Face it, few people actually need a real chainsaw, most that buy a chainsaw are suburbanites that use it once every couple years to cut up few limbs from storm damage. Anything big they either hire it done or rent a real chainsaw.

I've worked on couple cheapie Poulans friends bought and couldnt keep running brand new out of box. Once I un-EPA'd them and properly tuned carburetor they were ok little saws for light duty use. With super sharp chain one of them I tuned actually did amazing job cutting through rather large log, though it wouldnt last long used that way over time. Not something you use to get the winters fire wood supply. Alas people that buy these things usually just get frustrated cause of de-tuning to meet emissions standards and no commercial shop is going to risk fines adjusting them to be usable. Then they dont take care of them so carburetors and such get gummed up and not worth bother fixing them cause its so cheap to just replace with another.

GM has made some engines that would last very long time (Olds V8) with some maintenence, but few people are willing to do the maintenence and repairs to keep them going. Lot of those old Oldsmobiles got junked cause tranny finally went on them. Instead of putting $500 into a rebuilt tranny and making sure suspension and steering was kept in repair, they bought some modern buzzbox that costs $500 for a tuneup. They always fall for the siren song of the new and shiney and believe old faithful isnt worth the investment in repairs. Ironic now that an older pre-computer car can be totally rebuilt cheaper than minor repairs on newer vehicles.


----------



## Cabin Fever (May 10, 2002)

kentuckysteader said:


> Re Husqvarna: Which are the top two models?
> 
> I was interested in the 455 Rancher but now I suspect that this may be a Poulan in disguise (orange paint on it). It has a little black label on it but the same thing can be said for the two cheaper models sitting right beside it.
> 
> ...


I really don't know which Husky model numbers are made in Sweden (all of my power equipment is red....my saws and brushcutters are all Swedish-made Jonsered.) Your best bet is to go to your local dealer and look at each individual model and see if the word "Sweden" is on the saw.
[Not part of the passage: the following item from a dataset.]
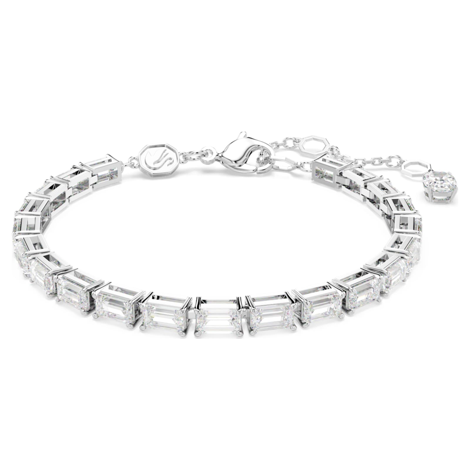 Ce bracelet Matrix délicat réinvente un classique intemporel. Doté d’un fermoir mousqueton, ce design en métal rhodié présente une rangée entière de Swarovski Zirconia taille octogone, créant un look lumineux à la fois simple et captivant. Portez-le comme un pur symbole d’élégance en toute occasion, de jour comme de nuit.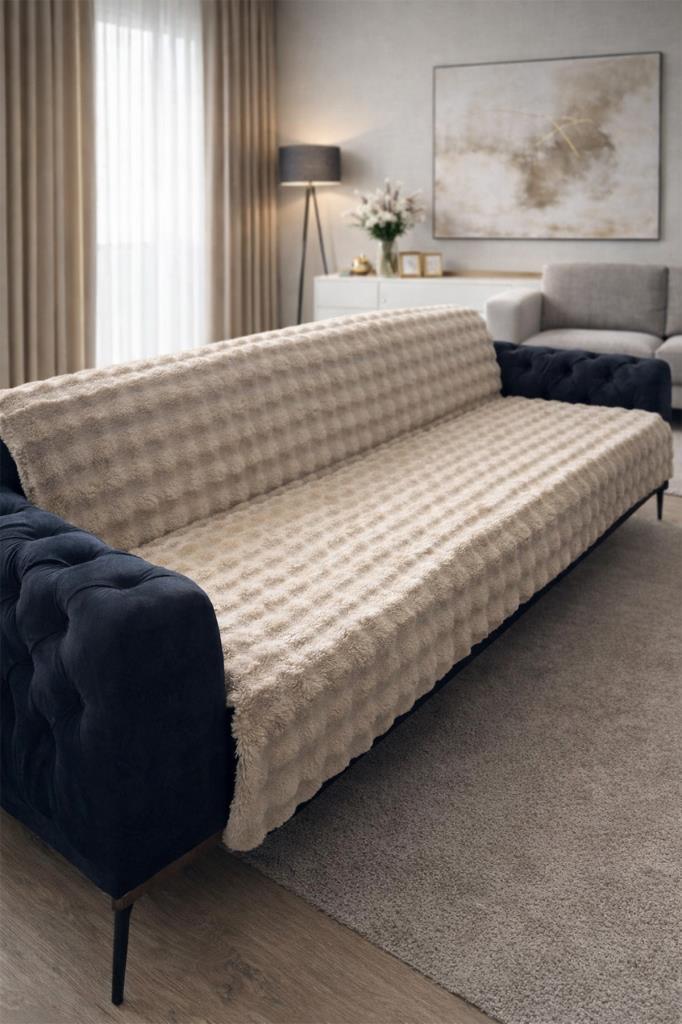 Bubble Tavşan Tüyü Kaymaz Tabanlı Koltuk Örtüsü 170x215 Cm Bej

If you want a Stihl, see if the word "Germany" is on the saw.

After reading chainsaw threads on this forum for years, I've come to the conclusion that Jonsered is probably not sold below the Mason-Dixon line. In other words, no southeners are familiar with the brand. Jonsered is a very popular saw with loggers in the Great Lake States, as is Stihl. If you don't have a Jonsered dealer near you, my advice would be to investigate another brand....a brand sold and serviced by a dealer in your area.


----------



## 7thswan (Nov 18, 2008)

We have 2 Husqvarnas, a 136 and 257. Bought them about 15 yrs ago. Never had a problem. And when there are a group of cutters here, one can sure tell the diffrence in them. We like um.


----------



## Micheal (Jan 28, 2009)

I own and use an "old" Husqvarna Rancher. 
So old that if'n it breaks or I need a part for it the local dealer often mis-orders the part using the parts list of the "new(er) style Rancher.... 
Guess you could compare it to back when I owned a 1973 Ford Explorer. What I owned was a truck; not an SUV......
Anyway I know the current model of the "Rancher" is no-where near the saw my old "Rancher" is.


----------



## m39fan (Apr 11, 2005)

The rescue saw we recently purchased for the fire dept is marked as "Made in Sweden". That being said, I still have less problems out of my personally owned Stihl equipment (all marked "Made in Germany" or "Made in West Germany"). Your mileage may vary of course.


----------